## Exercise brief
Give the data again exactly, without its images.

## Data items
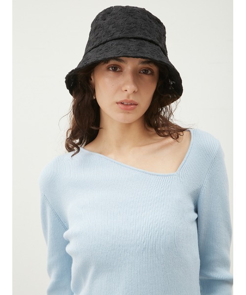 【レース素材の透け感が涼しげ。フラワーモチーフのバケット型ハット】 【Design/Styling】 フラワーレースのモチーフが涼しげな、バケット型のハットです。 程よい透け感が女性らしいデザイン。 レース生地で柔らかく、頭馴染みが良いのもポイント。 柄見えしながらも、全体的にはワントーンにまとまっているので、どのスタイリングとも合わせやすいのが特長です。 内側にはマジックテープがついていて、サイズ調整も可能なので、バランスよくかぶれます。 【Color】 カラーはモノトーンの2色をご用意。エレガントな<ホワイト>と、モード感がありつつ合わせやすい<ブラック>で展開しています。 ※照明の関係により、実際よりも色味が違って見える場合があります。 またパソコン・スマートフォンなどの環境により、若干製品と画像のカラーが異なる場合もございます。予めご了承ください。 商品の色味は、商品単品画像をご参照下さい。 ※商品画像はサンプルのため、色味やサイズ等の仕様に変更がある場合がございますので、予めご了承ください。
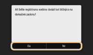Če izberete <Da>, se prikaže sporočilo. Preverite sporočilo in nato izberite <Vključeno>. Registrirana kombinacija nastavitev je na zaslon Domov dodana kot bližnjični gumb.
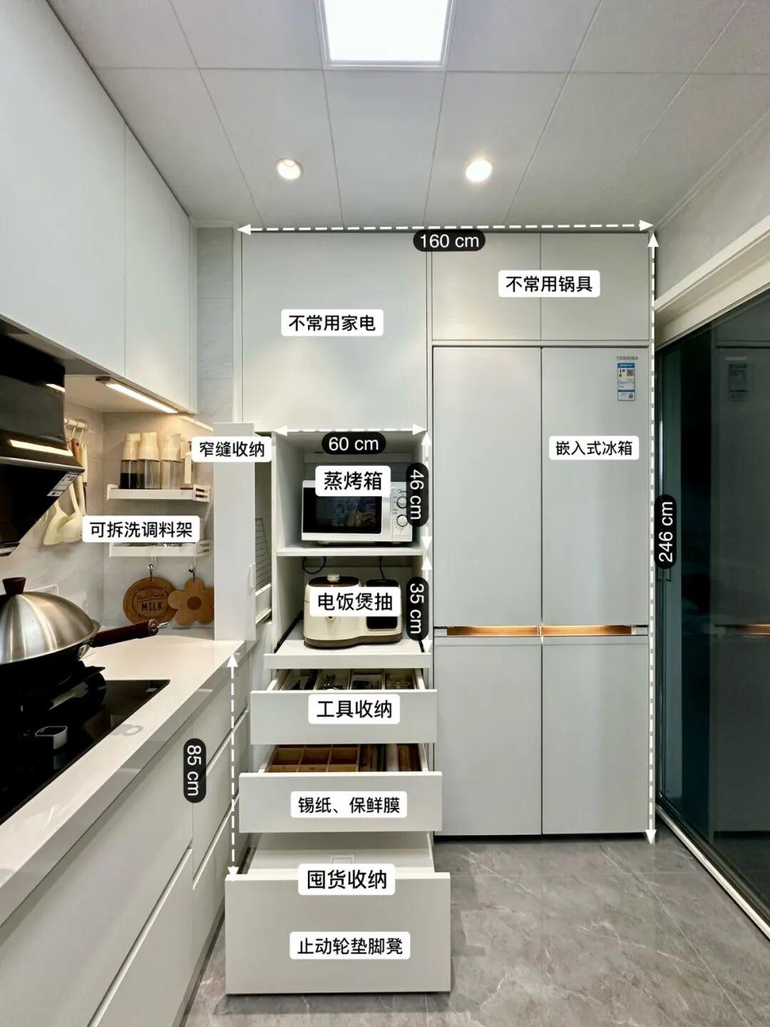 做了电器高柜,增加了收纳空间,台面也不会乱糟糟了,电器、工具还有不常用的锅具都能放得下。
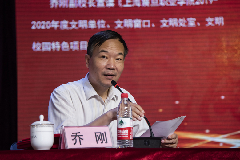 喬剛副校長宣讀《上海震旦職業(yè)學院2019-2020年度文明單位、文明窗口、文明處室、文明校園特色項目的決定》
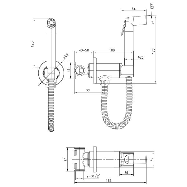 - Аксессуары в комплекте: лейка гигиенического душа с нажимным механизмом, душевой шланг 1,2 м (Turn-Free)
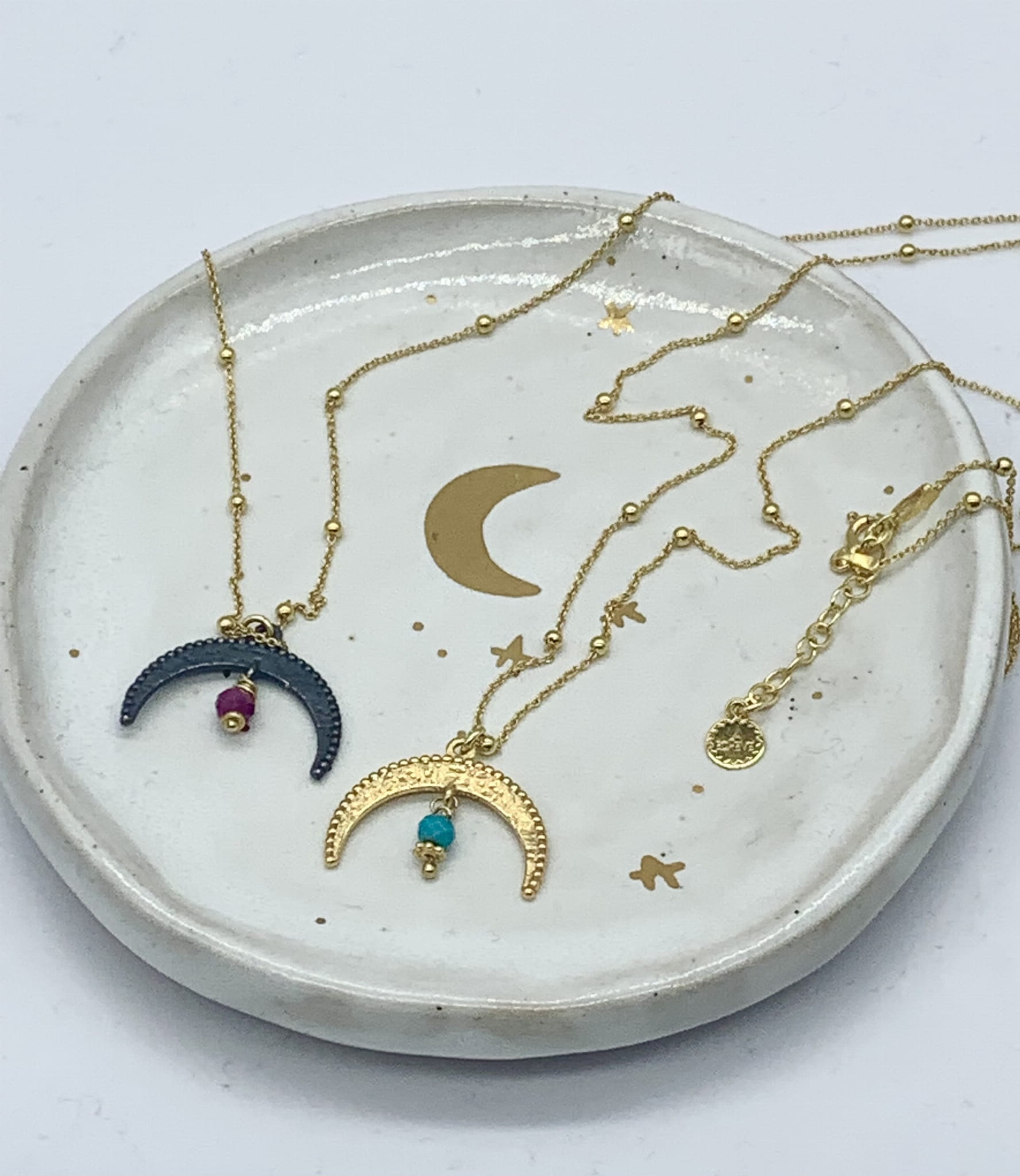 Naszyjnik łańcuszek z kuleczkami Lunula Luna Księżyc turkus oksydowana 40cm złocony
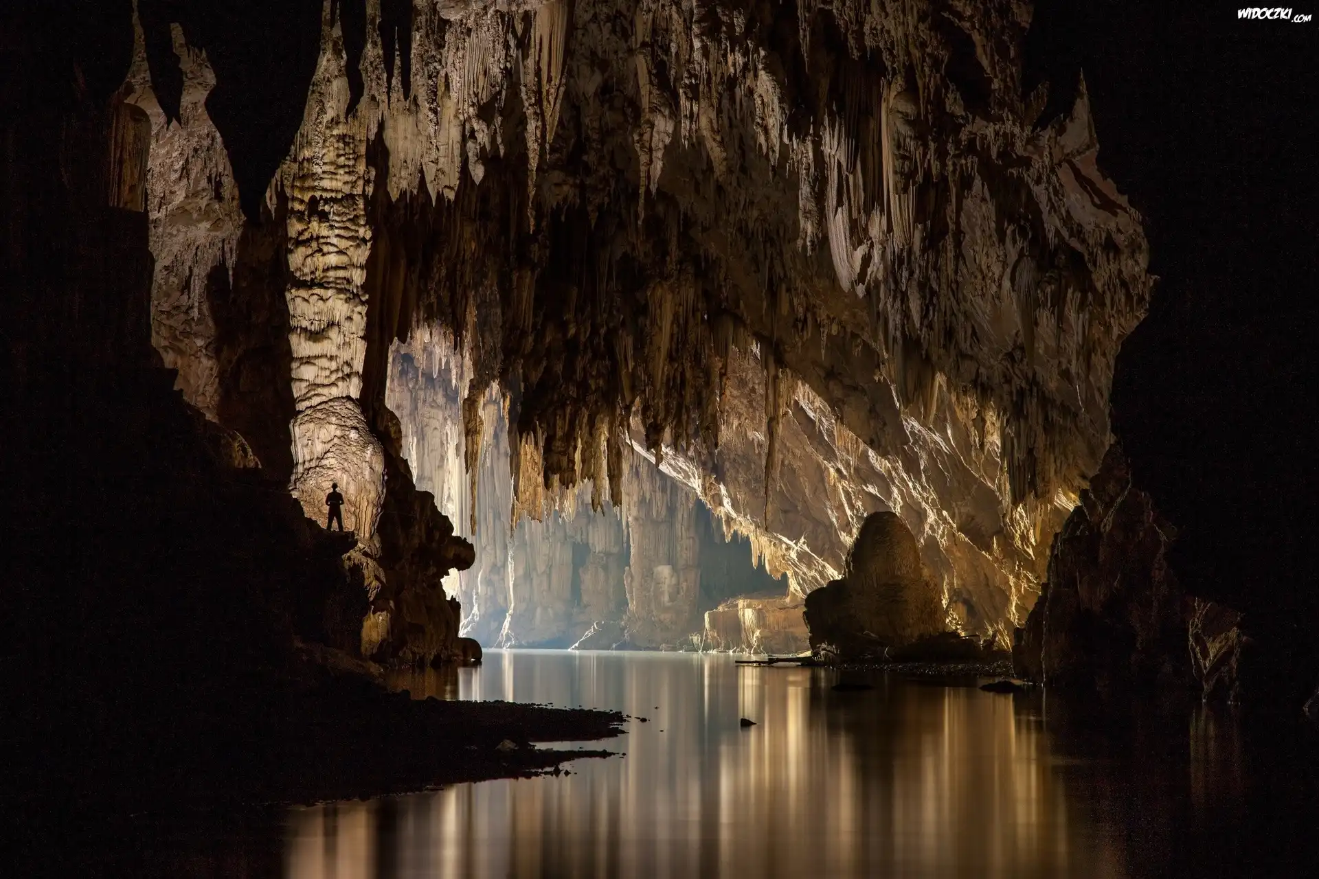 Zdjęcia, Jaskinia, Stalaktyty, Podziemne, Jezioro, Człowiek, Światło

## Answer section
 【レース素材の透け感が涼しげ。フラワーモチーフのバケット型ハット】 【Design/Styling】 フラワーレースのモチーフが涼しげな、バケット型のハットです。 程よい透け感が女性らしいデザイン。 レース生地で柔らかく、頭馴染みが良いのもポイント。 柄見えしながらも、全体的にはワントーンにまとまっているので、どのスタイリングとも合わせやすいのが特長です。 内側にはマジックテープがついていて、サイズ調整も可能なので、バランスよくかぶれます。 【Color】 カラーはモノトーンの2色をご用意。エレガントな<ホワイト>と、モード感がありつつ合わせやすい<ブラック>で展開しています。 ※照明の関係により、実際よりも色味が違って見える場合があります。 またパソコン・スマートフォンなどの環境により、若干製品と画像のカラーが異なる場合もございます。予めご了承ください。 商品の色味は、商品単品画像をご参照下さい。 ※商品画像はサンプルのため、色味やサイズ等の仕様に変更がある場合がございますので、予めご了承ください。
Če izberete <Da>, se prikaže sporočilo. Preverite sporočilo in nato izberite <Vključeno>. Registrirana kombinacija nastavitev je na zaslon Domov dodana kot bližnjični gumb.
 做了电器高柜,增加了收纳空间,台面也不会乱糟糟了,电器、工具还有不常用的锅具都能放得下。
 喬剛副校長宣讀《上海震旦職業(yè)學院2019-2020年度文明單位、文明窗口、文明處室、文明校園特色項目的決定》
 - Аксессуары в комплекте: лейка гигиенического душа с нажимным механизмом, душевой шланг 1,2 м (Turn-Free)
 Naszyjnik łańcuszek z kuleczkami Lunula Luna Księżyc turkus oksydowana 40cm złocony
 Zdjęcia, Jaskinia, Stalaktyty, Podziemne, Jezioro, Człowiek, Światło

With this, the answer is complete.